En outre, du fait de la prévalence plus élevée de certaines pathologies infectieuses, comme le VIH ou la tuberculose (les étrangers représentent plus de la moitié des malades séropositifs en France, selon les derniers chiffres de Santé publique France (4)), l’absence de prise en charge pourrait avoir d’importantes répercussions en termes de santé publique. L’Espagne a d’ailleurs montré la voie à ne pas suivre : la restriction de l’accès aux soins des étrangers en situation irrégulière votée en 2012 a entraîné une hausse des maladies infectieuses ainsi qu’une surmortalité des sans-papiers de 15 % en 3 ans (5). Cette réforme a finalement été abrogée en 2018.
Les raisons du non-recours à l’AME
Après 5 années ou plus de résidence en France, 35 % des personnes sans titre de séjour n’ont pas ouvert leurs droits à l’AME. Les raisons de ce non-recours sont multiples. Beaucoup ignorent l’existence de ce dispositif, et lorsqu’elles le connaissent, les obstacles administratifs sont multiples. « Selon les départements, les demandeurs de l’AME sont reçus soit dans les guichets de l’Assurance maladie, soit dans un centre spécifique, soit dans les permanences de l’Assurance maladie situées dans les hôpitaux. Ainsi, la première difficulté pour un demandeur d’AME consiste à savoir où déposer sa demande », souligne la sociologue. Il faut ensuite pouvoir constituer son dossier. Pour obtenir l’AME, le demandeur doit justifier de son identité, prouver qu’il vit en France depuis au moins 3 mois consécutifs et déclarer des ressources inférieures à 847 €. Ce sont donc les étrangers sans papiers les plus précaires qui sont concernés par l’AME. Les autres n’ont aucune couverture maladie pour les soins non urgents et vitaux (6).
(1) Gabarro C. L’accès aux soins des étrangers en situation irrégulière en France : une prise en charge au titre de la pauvreté et de la compassion.
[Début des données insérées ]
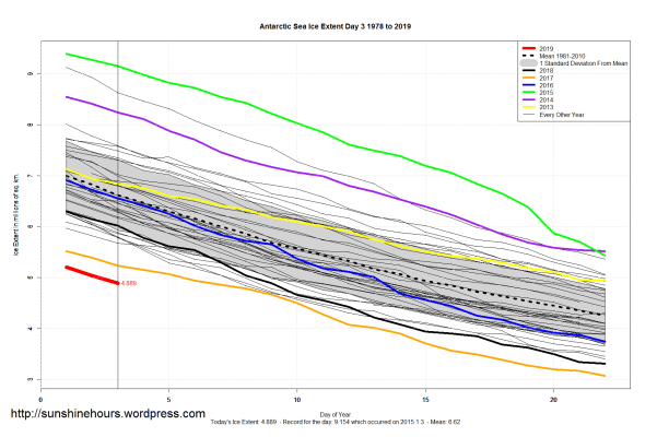 Sea Ice Extent (Global Antarctic and Arctic) – Day 3 – 2019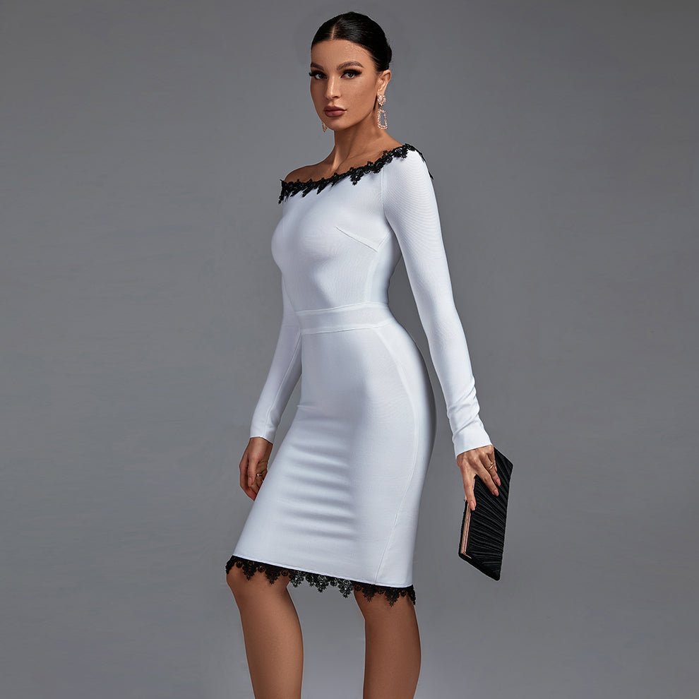 Off Shoulder Long Sleeve Lace Midi Bandage Dress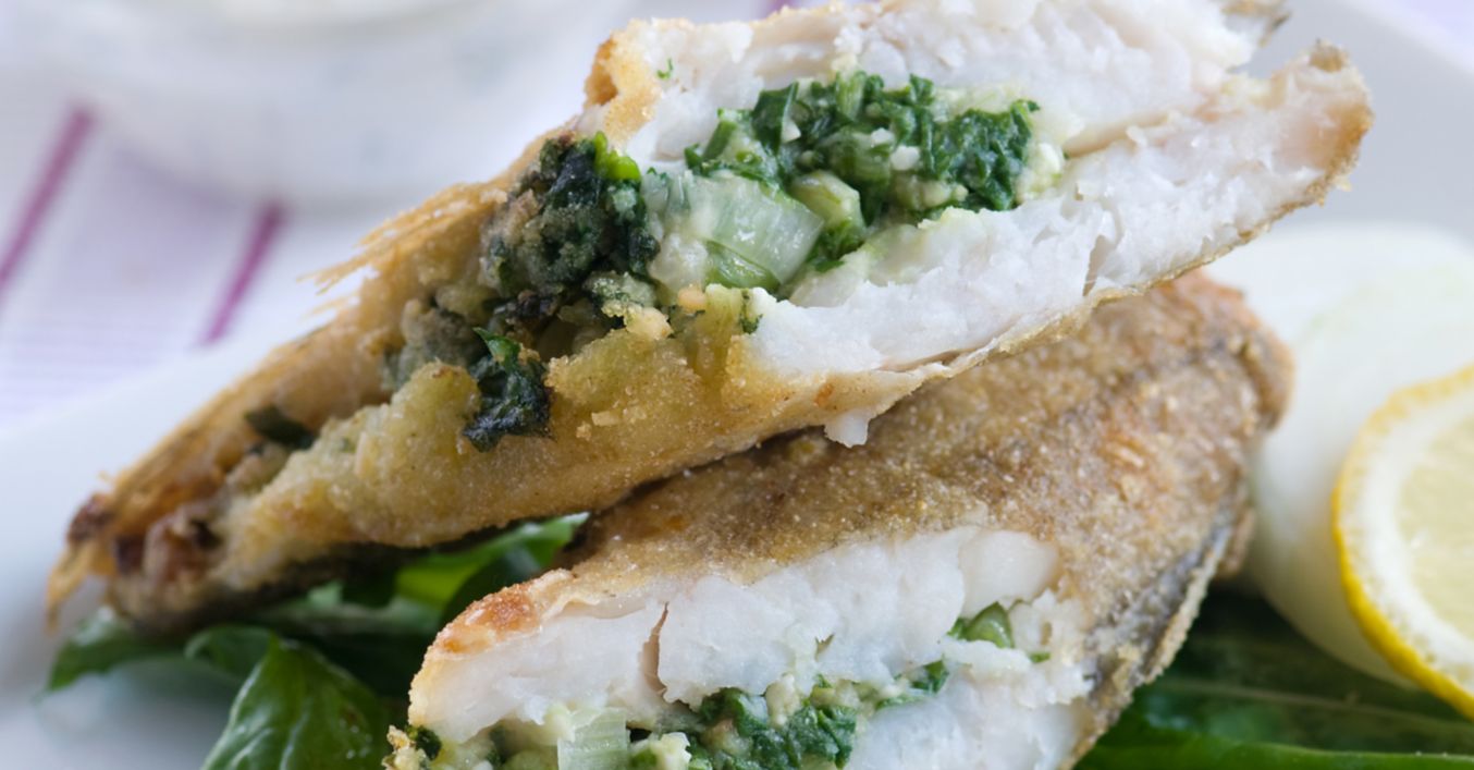 Se spală peștii și se taie în două. Se presară cu sare și piper și se umplu cu spanac. Se prăjesc în ulei bine încins.

Migrations société 2018 : 171 (30), 93-104. https://doi.org/10.3917/migra.171.0093.
(2) Enquête réalisée par l’institut de Recherche et de Documentation en économie de la santé (IRDES) et parue en 2019.
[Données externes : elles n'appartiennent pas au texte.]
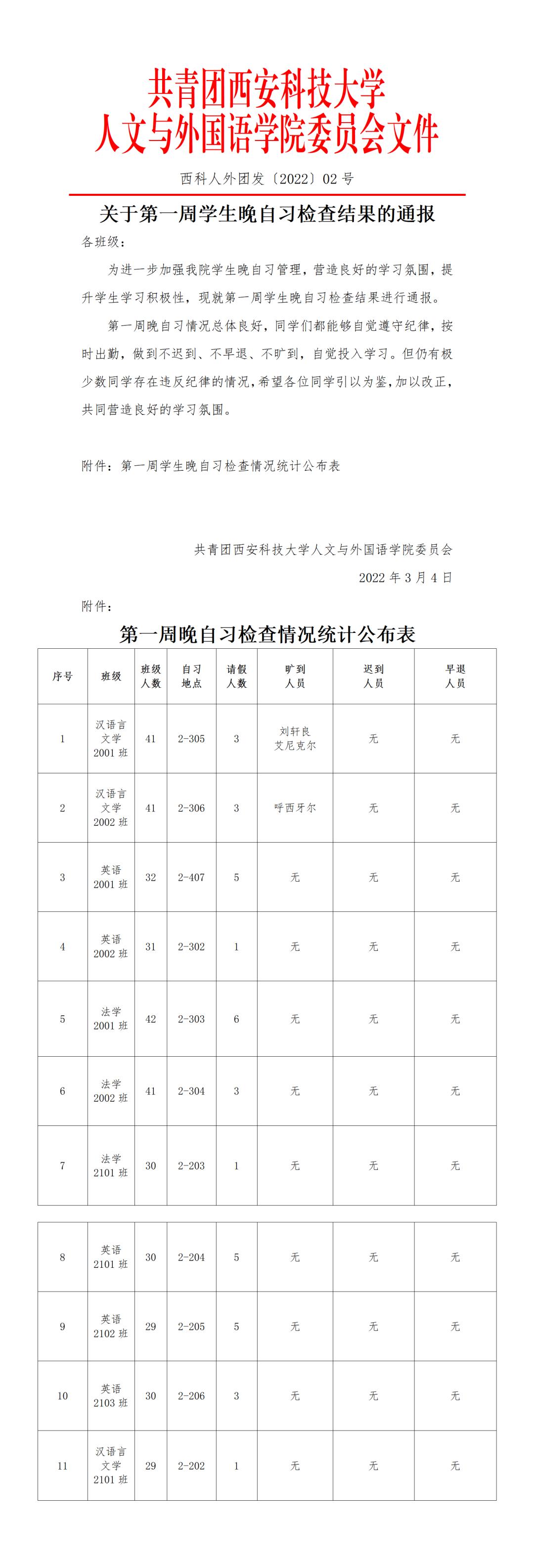 晚自习情况

(3) Entre 2003 et 2019, 4 rapports publics sur l’AME ont été conduits par l’inspection générale des Affaires sociales (Igas) et l’inspection générale des Finances (IGF), ainsi qu’une enquête du comité d’évaluation et de contrôle des Politiques publiques de l’Assemblée nationale, menée par les députés Claude Goasguen et Christophe Sirugue en 2011. Aucune autre prestation sociale n’a été autant scrutée.
(4) Bulletin de santé publique VIH-IST. Novembre 2023, Santé publique France, https://www.santepubliquefrance.fr/maladies-et-traumatismes/infections-sexuellement-transmissibles/vih-sida/documents/bulletin-national/bulletin-de-sante-publique-vih-ist.-novembre-2023.
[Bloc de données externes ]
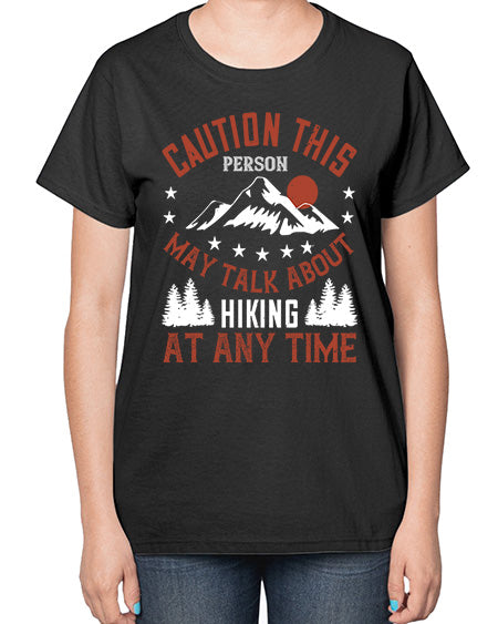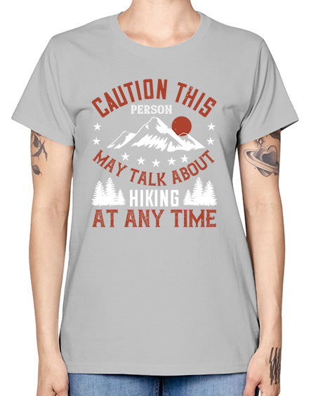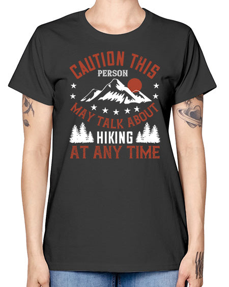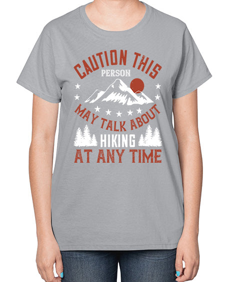 caution this person may talk about hiking at any time 550# - mountain valcano hill- Ladies T-Shirt

(5) Peralta-Gallego L., Gené-Badia J., Gallo P. Effects of undocumented immigrants exclusion from health care coverage in Spain. Health Policy 2018 ; 122 (11) : 1155-60. https://editorialexpress.com/cgi-bin/conference/download.cgi ? db_name = ESPE2018 & paper_id = 135.
(6) Dès leur arrivée sur le territoire, les étrangers en situation irrégulière ou en demande d’asile peuvent bénéficier du dispositif des soins urgents et vitaux.